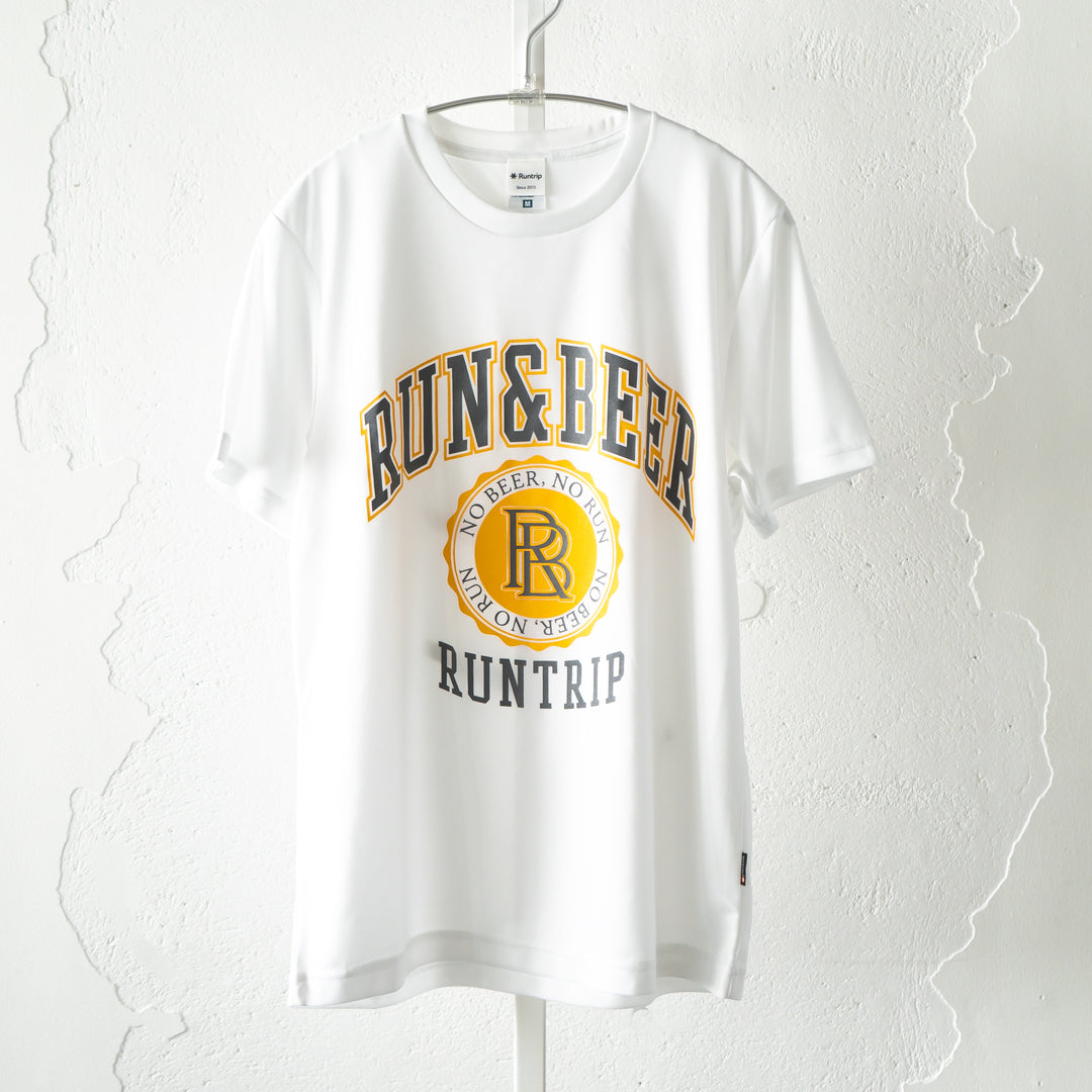 Run & Beer College Design DRY Tee (White / Gray & Yellow)
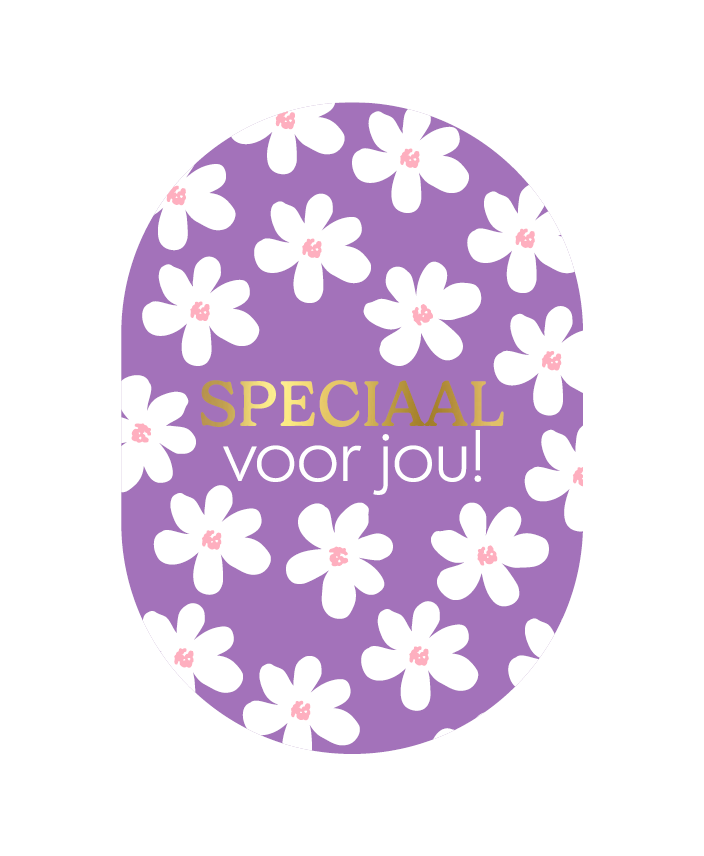Soms wil je gewoon even zeggen: jij bent bijzonder. Deze lieve ovale kaart met een zachte paarse achtergrond en witte bloemetjes brengt dat gevoel perfect over. Een klein gebaar dat groot aanvoelt, om te sturen naar iemand die wat extra liefde, steun of glimlach kan gebruiken.
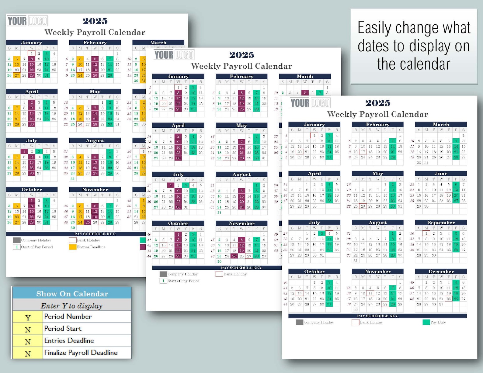 Annual Payroll Calendar Template excel Download printable Etsy
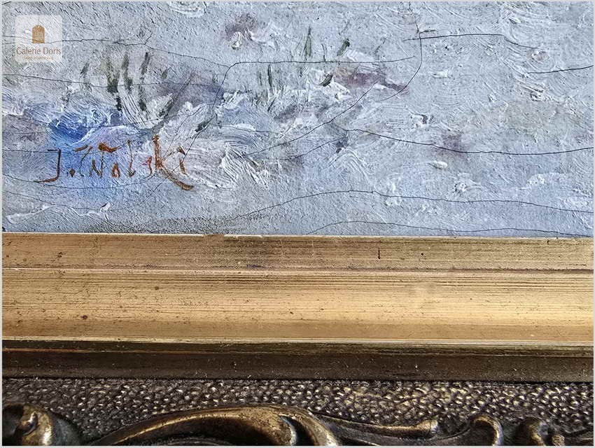 • Atmosfera: Artysta po mistrzowsku uchwycił chłodną aurę zimowego popołudnia, gdzie niskie słońce odbija się w zmarzniętym śniegu, tworząc bogatą paletę błękitów, fioletów i ugierów.
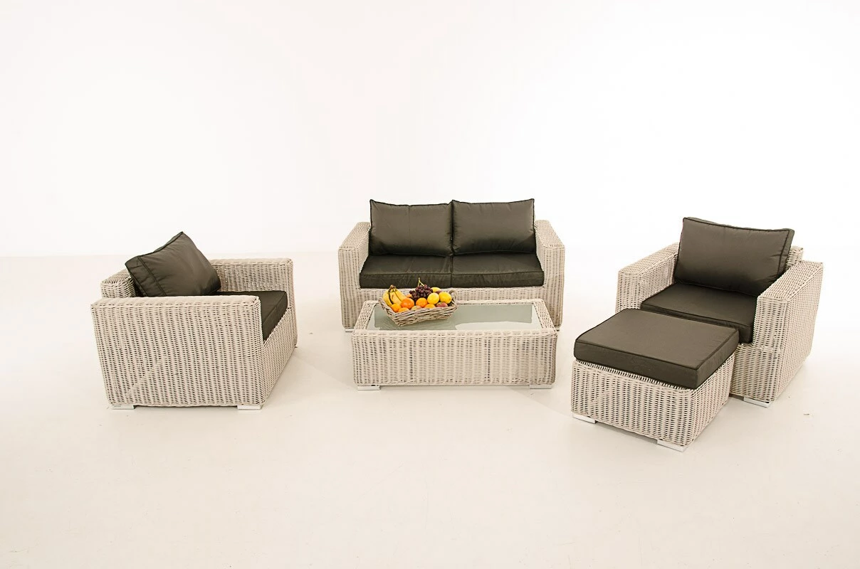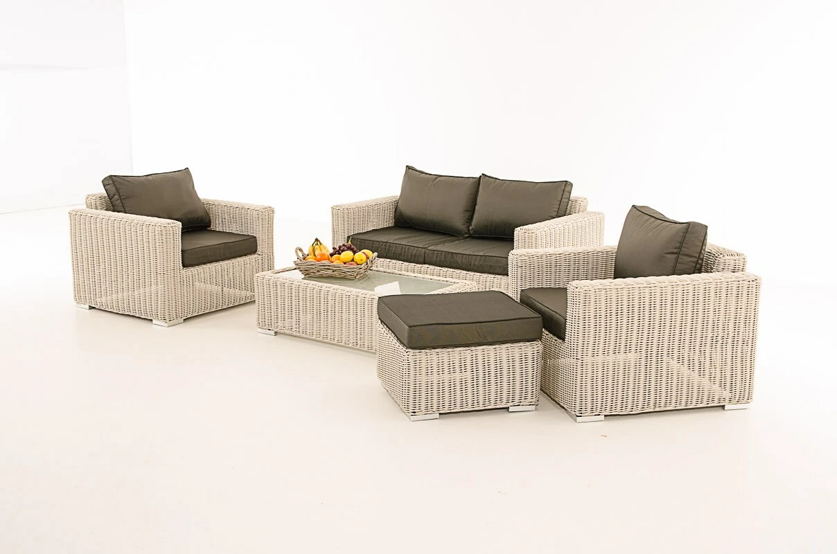 Ein 2-Sitzer Sofa, zwei Sessel, Tisch und ein gepolsterter Hocker – das Set Madeira 2-1-1 bietet eine allseits beliebte Sofa – Sessel – Tisch – Kombination. Die Elemente können jeweils einzeln gestellt werden. Die besonders dicken Sitz- und Rückenkissen, sowie die leicht erhöhte Rückenlehne, sorgen für einen sehr angenehmen Sitzkomfort.

Problem details » Exact repetition required: repeat the first line of the listing above, the line containing "Annual Payroll Calendar", and every line between, leaving out pictures.

Exercise solution »
 Run & Beer College Design DRY Tee (White / Gray & Yellow)
Soms wil je gewoon even zeggen: jij bent bijzonder. Deze lieve ovale kaart met een zachte paarse achtergrond en witte bloemetjes brengt dat gevoel perfect over. Een klein gebaar dat groot aanvoelt, om te sturen naar iemand die wat extra liefde, steun of glimlach kan gebruiken.
 Annual Payroll Calendar Template excel Download printable Etsy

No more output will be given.